Wang Huiliang 王惠良

Personal information
- Full name: Wang Huiliang
- Date of birth: 5 June 1960 (age 66)
- Place of birth: Meixian, Guangdong, China
- Position: Midfielder

Youth career
- 1974–1979: Guangdong Youth

Senior career*
- Years: Team / Apps / (Gls)
- 1980–1987: Guangdong

International career
- 1985–1986: China / 3 / (1)

= Wang Huiliang =

Chinese footballer

Wang Huiliang (王惠良 (Wáng Huìliáng); born 5 June 1960) is a Chinese former association football player.

==Playing career==
Wang Huiliang joined Guangdong Youth academy in 1974 and was promoted to Guangdong's first team squad in 1980. He was called up to the China national team in 1985 for the 1986 FIFA World Cup qualification.
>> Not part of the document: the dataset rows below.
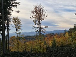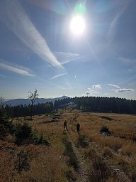V noci poprvé mírně mrzlo. Přes den slunce a pěkné daleké výhledy. Foto růžového fleku jsem pořídila mezi dvěma fotkami dalekých výhledů. Jak se mi to podařilo netuším, nevím zda to je můj prst nebo kapsa, každopádně mě to přijde pěkné zachycení cesty na kopec.
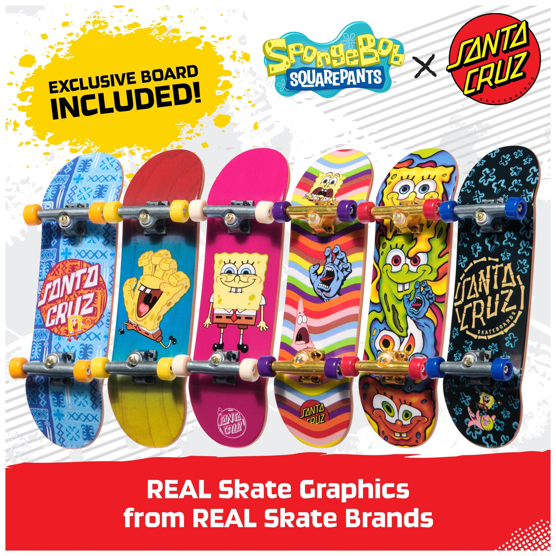 TECH DECK, Spongebob Sk8shop Fingerboard Bonus Pack, Collectible and Customizable Mini Skateboards, Kids Toys for Ages 6 and up
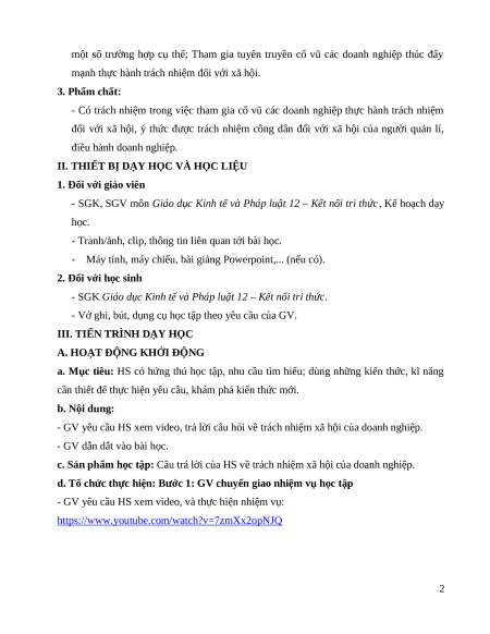 Giáo án Bài 6: Trách nhiệm xã hội của doanh nghiệp KTPL 12 Kết nối tri thức
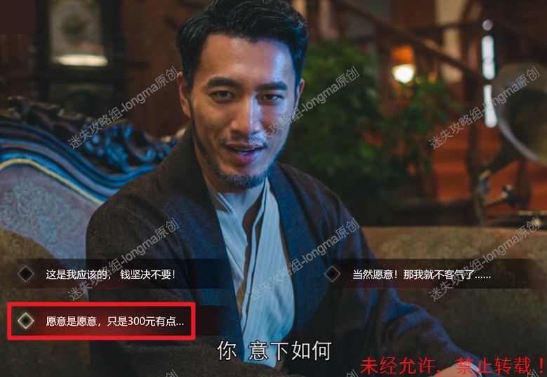 14.面对日本领事的邀请,选择【愿意是愿意,只是300元有点...】,获得两点好感度。14
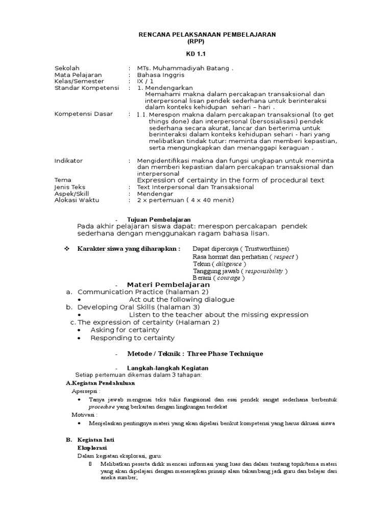 Rpp Bahasa Inggris Smp Berkarakter Kelas Ix
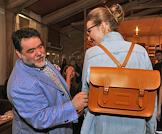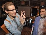 Журналист Ольга Ципенюк (справа) на презентации шестого тома "Намедни" журналиста Леонида Парфенова (слева) в кафе "Булка" на территории Центрального парка культуры и отдыха им. М.Горького.

On 12 May 1985, he made his international debut and scored a goal in a 6–0 victory over Macau. On 19 May 1985, he was the starting left midfielder in a 2–1 defeat against Hong Kong which was known as the 5.19 incident. Wang retired from football in 1987.

==Personal life==
Wang became a businessman after his retirement. His son, Wang Peng, is a footballer who currently plays for Guangzhou R&F.